# Recording Software



## Riffhard (Jan 28, 2006)

This has probably been asked hundreds of time but I am also just looking for some basic multitracking software, I want to plug a good quality Mic into my laptop and record a few tracks, then dump them on to CD, nothing too fancy I don't need a ton of effects just the capturing capability. What would be my best route ? thanks


----------



## Jeff Flowerday (Jan 23, 2006)

Riffhard said:


> This has probably been asked hundreds of time but I am also just looking for some basic multitracking software, I want to plug a good quality Mic into my laptop and record a few tracks, then dump them on to CD, nothing too fancy I don't need a ton of effects just the capturing capability. What would be my best route ? thanks


The first thing I'd suggest is not plug a mic into your laptop. Your laptop sound card isn't really designed for audio recording.

Look into a Firewire based professional audio device. MAudio has some.


----------



## nine (Apr 23, 2006)

Jeff Flowerday said:


> The first thing I'd suggest is not plug a mic into your laptop. Your laptop sound card isn't really designed for audio recording.


Why's that? I just recorded some great stuff last week directly into my computer.

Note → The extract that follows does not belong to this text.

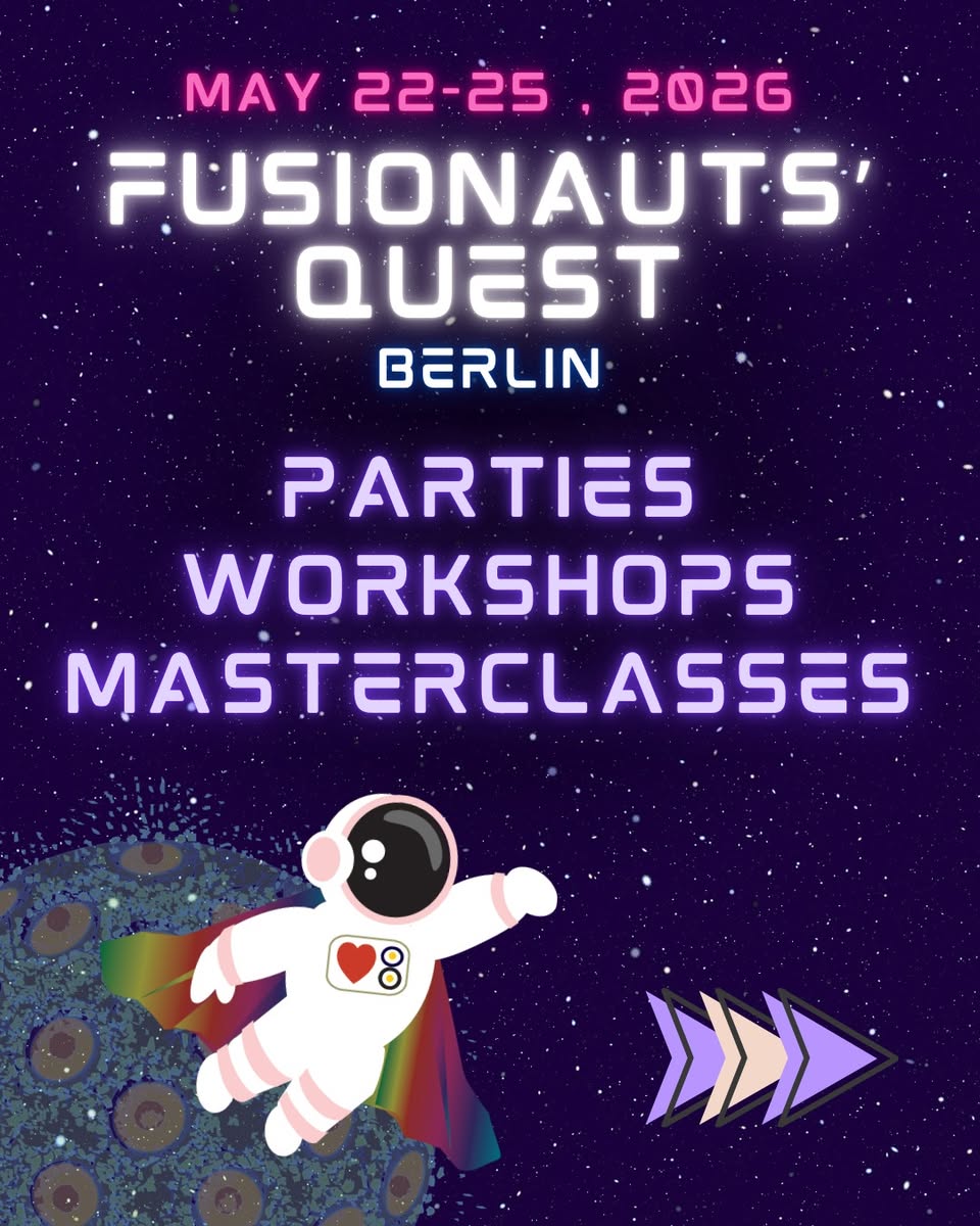 The Berlin Convergence Lab is a five day intensive dance training taking place after the fusion dance festival Fusionauts’ Quest in Berlin, Germany. It’s meant for experienced dancers and has a video audition to attend.

http://www.corbettcyr.com/Personal/Dave/Come_Home.zip

Sounds alright to me. And Riffhard, I was using Adobe Audition. I find it's quick and easy to use. It's also pretty intuitive. What you seem to be looking for ( basic, stripped down multitrack software...) doesn't exist as far as I know. If you want PC multitrack recording I think it's all or nothing.


----------



## Jeff Flowerday (Jan 23, 2006)

nine said:


> Why's that? I just recorded some great stuff last week directly into my computer.
> 
> http://www.corbettcyr.com/Personal/Dave/Come_Home.zip
> 
> Sounds alright to me. And Riffhard, I was using Adobe Audition. I find it's quick and easy to use. It's also pretty intuitive. What you seem to be looking for ( basic, stripped down multitrack software...) doesn't exist as far as I know. If you want PC multitrack recording I think it's all or nothing.


Into your computer or your laptop?


----------



## nine (Apr 23, 2006)

I recorded that onto my computer via a normal stereo input, but a laptop would be no different. I've heard some stuff recorded on to laptops that sounded really great. 

Obviously, an external firewire/box solution will be helpful for recording more than just one stereo source at a time, but it's by no means necessary.


----------



## Riffhard (Jan 28, 2006)

Yes I was already told I would need to upgrade my soundcard but there is one or two available that will work very well in a laptop (the proper sound card is quite pricey though


----------



## SCREEM (Feb 2, 2006)

I had some problems with my laptop(you could not monitor/hear what you are recording) a driver change fixed this and it does a good job of recording stuff using reaper


----------



## Chito (Feb 17, 2006)

If you just want to do simple, straight forward recording, try Audacity. It's free and easy to use.

http://audacity.sourceforge.net/


----------



## Riffhard (Jan 28, 2006)

Thanks guys...


----------



## ronmac (Sep 22, 2006)

I used to recommend Audacity, but now point people to REAPER. It is much more user friendly and I like the way it handles VST effects better.










You can download it from here: http://www.cockos.com/reaper/

BTW, I use Adobe Audition 2.0 and love it for its ease of use and very powerful editing capabilities.


----------